To gain insight into potentially specific effects of peripubertal HFD vs. adult HFD exposures in tumor development, we analyzed RNA expression by qRT-PCR of genes that we had previously reported to be either significantly upregulated or downregulated by continuous HFD in mammary glands before tumor development [6]. The results were compared for fold changes between HFD, HFD-LFD, and LFD-HFD vs. LFD. The RNA levels of Tgfa, Tgfb1, and the chemokines Ccl1, Ccl17, Ccl20, and Ccl22 were analyzed (Table 4). HFD, HFD-LFD, and LFD-HFD mammary glands all exhibited significant, approximately twofold increases in Tgfa RNA compared with LFD mammary glands. No significant changes were observed in the RNA levels of Tgfb1 and the other assayed chemokines in HFD-LFD mammary glands; however, these RNAs were upregulated in LFD-HFD mammary glands to a similar extent as in HFD mammary glands. Comparisons made for HFD-LFD vs. LFD-HFD were consistent with these results (data not shown). This suggests an association with adult HFD and not with the peripubertal HFD promotional window.
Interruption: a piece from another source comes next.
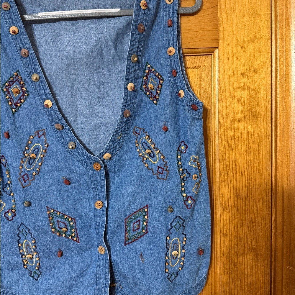 как выглядит Vintage Embroidered Denim Vest with Beads size Medium фото

Furthermore, these results suggest that both peripubertal-only and adult-only HFD exposure increase Tgfa RNA levels, similarly to continuous HFD exposure.
Table 4

RT-PCR analysis of gene expression at 13 weeks old with DMBA treatment

  

Fold regulation (compared with LFD)

Symbol

Description

HFD

LFD-HFD

HFD-LFD

Tgfa

Transforming growth factor alpha

2.4

2.1

2.0

Ccl1

Chemokine (C-C motif) ligand 1

3.8

3.2

NS

Ccl17

Chemokine (C-C motif) ligand 17

2.8

4.0

NS

Ccl20

Chemokine (C-C motif) ligand 20

11.0

5.0

NS

Ccl22

Chemokine (C-C motif) ligand 22

4.0

6.1

NS

Tgfb1

Transforming growth factor, β 1

1.6

2.2

NS

DMBA 7,12-dimethylbenz[a]anthracene HFD high saturated animal fat diet, HFD-LFD, mice on high saturated animal fat diet switched to low-fat diet, LFD low-fat diet, LFD-HFD mice on low-fat diet switched to high saturated animal fat diet, RT-PCR reverse transcription polymerase chain reaction

p < 0.05 for all genes listed, except NS = no significant change (n = 4 mice per diet treatment)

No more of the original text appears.